■ **Stored data**:
____________________
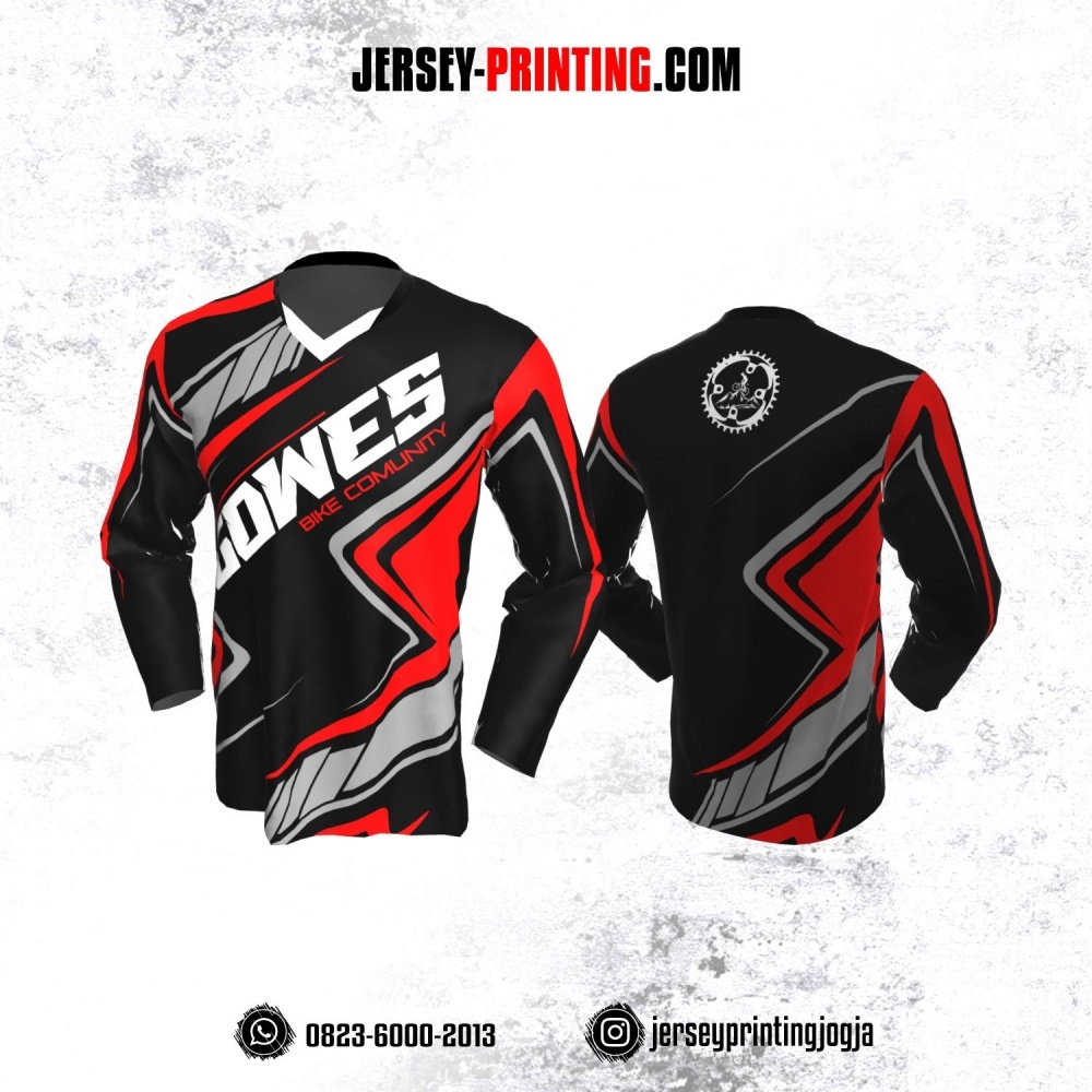 Jersey Gowes Sepeda Hitam Abu-Abu Merah Lengan Panjang
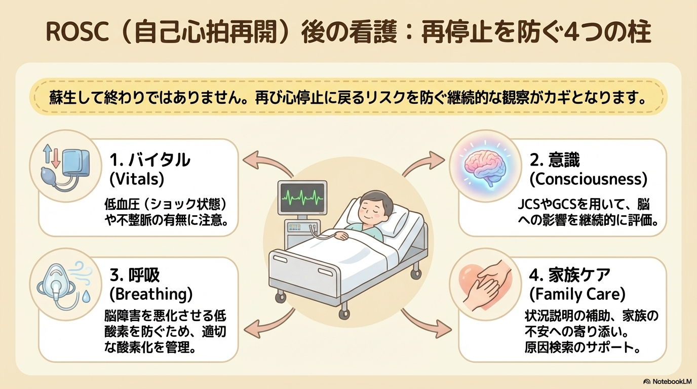ROSC後は循環が不安定になりやすく、急激な変化に注意が必要です。
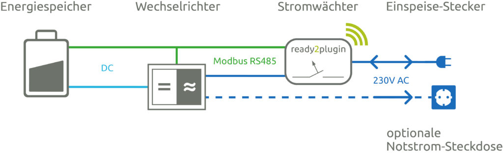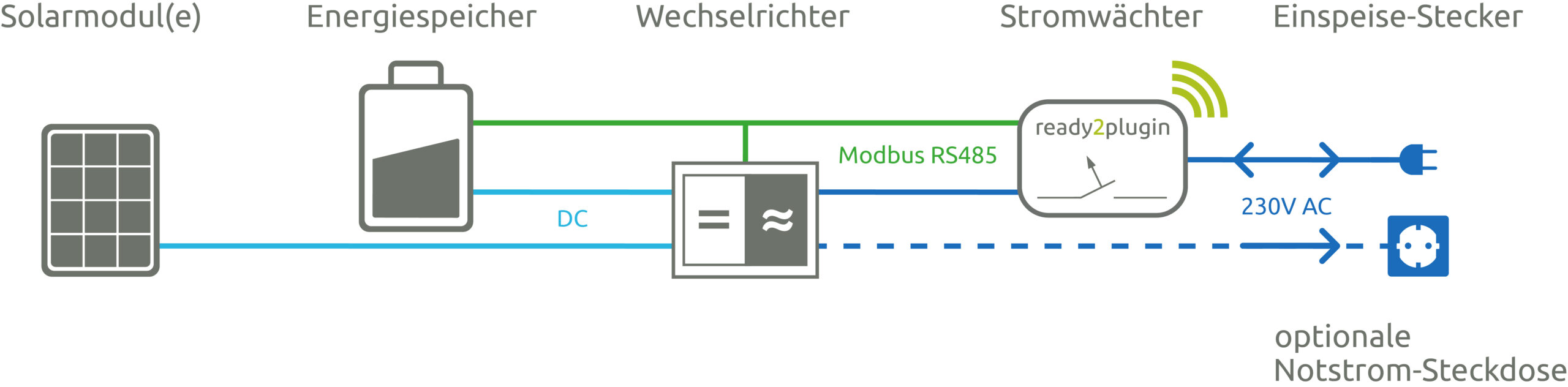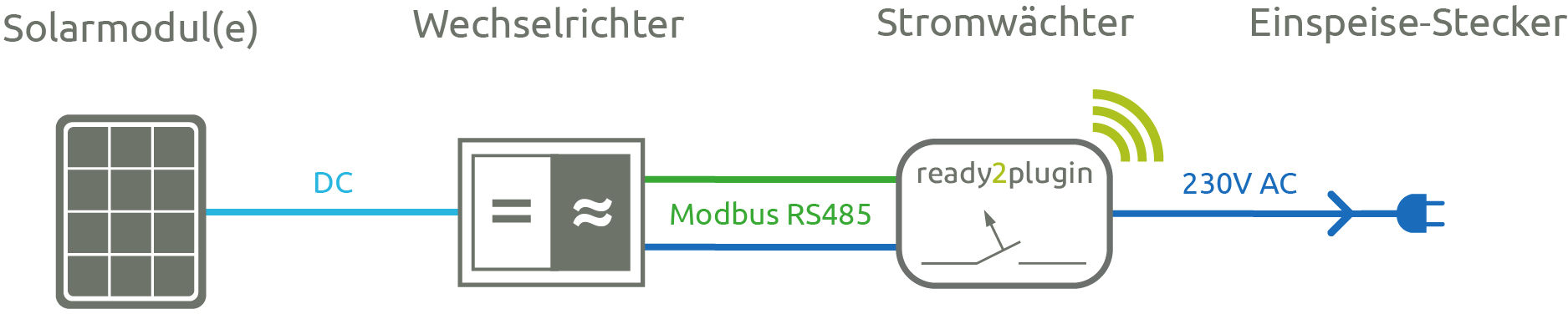 Der ready2plugin Stromwächter (auch Einspeisewächter genannt) regelt den Wechselrichter über die RS485-Schnittstelle, um Überlastungen des Stromkreises zu verhindern. (Nebenbei ermöglicht diese Funktion auch die Begrenzung der Netzeinspeisung und damit die Optimierung des Solarstromverbrauchs mittels Energiespeicher.)
____________________
■ **Exercise objective**:
Before you return the listing, strip out its pictures; all else must match exactly.

■ **Solution to this exercise**:
 Jersey Gowes Sepeda Hitam Abu-Abu Merah Lengan Panjang
ROSC後は循環が不安定になりやすく、急激な変化に注意が必要です。
 Der ready2plugin Stromwächter (auch Einspeisewächter genannt) regelt den Wechselrichter über die RS485-Schnittstelle, um Überlastungen des Stromkreises zu verhindern. (Nebenbei ermöglicht diese Funktion auch die Begrenzung der Netzeinspeisung und damit die Optimierung des Solarstromverbrauchs mittels Energiespeicher.)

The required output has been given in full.